Brief:
In the entries below, find the line with "BCBG MaxAzria Y2K" and the line with "Floral V-Neck Mid", then retype both and everything between them exactly. Do not copy the pictures.
Given records below:
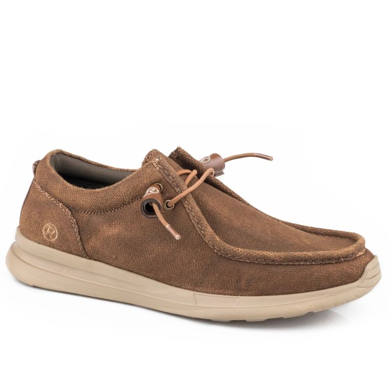 - ROPER | MEN'S DRIVING MOC CHOCOLATE BROWN VINTAGE FABRIC WITH FABRIC WRAPPED SOLE-BROWN | STYLISH OUTLET
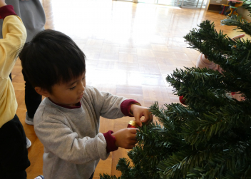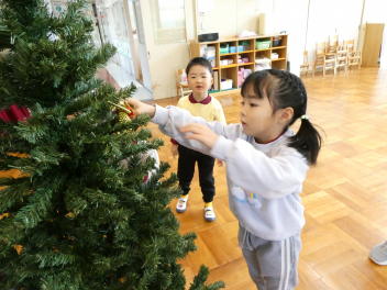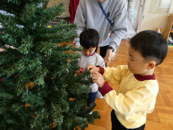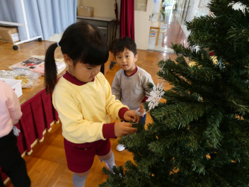 みんなで、クリスマスツリーに飾りを付けましたsad
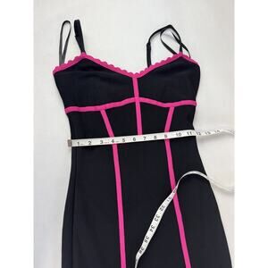 BCBG MaxAzria Y2K 2010s Club Dress Bodycon Black Contrast Pink Trim Colorblock
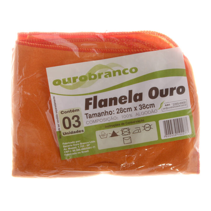 Kit de Flanelas para Limpeza Laranja Ouro Branco 28x48cm 3 unidades
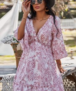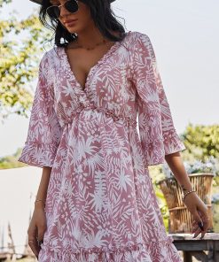 Floral V-Neck Mid Sleeve Backless Lace Up Ruffle Hem Mini Dress
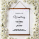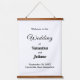 Hanging tapestry with black text on white background for couples seeking a classic and timeless color combination that can complement various wedding themes. It is also suitable for couples who prefer a text based design without background elements for readability. The black text contrasting on the white background also improves readability. The text is center aligned and the fonts used are calligraphy, script and sans serif. Calligraphy and script fonts are used to enhance the design while the sans serif font is used to enhance readability. Customize it by typing the names of the bride and groom, date and location of the wedding. You can also change the wording in the design tool including the font style, font color and background color. Please check the appearance after typing text. If the appearance is pleasing to you, you can place your order now. If you need to resize or reposition the text, please adjust in the design tool. A hanging tapestry to welcome the guests and enhance the wedding venue. To the bride and groom, congratulations on your engagement! Wishing you both a lifetime filled with love and happiness.
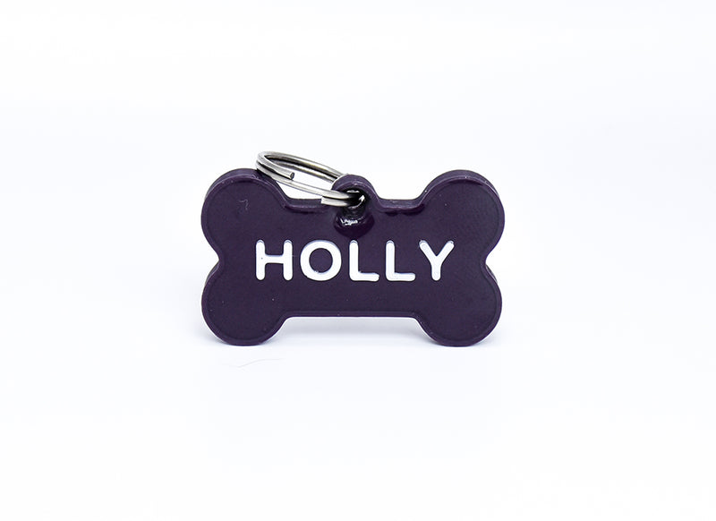 Say My Name - Custom Bone Shaped Name Tag - Aubergine
End of Given records.
Response:
 BCBG MaxAzria Y2K 2010s Club Dress Bodycon Black Contrast Pink Trim Colorblock
 Kit de Flanelas para Limpeza Laranja Ouro Branco 28x48cm 3 unidades
 Floral V-Neck Mid Sleeve Backless Lace Up Ruffle Hem Mini Dress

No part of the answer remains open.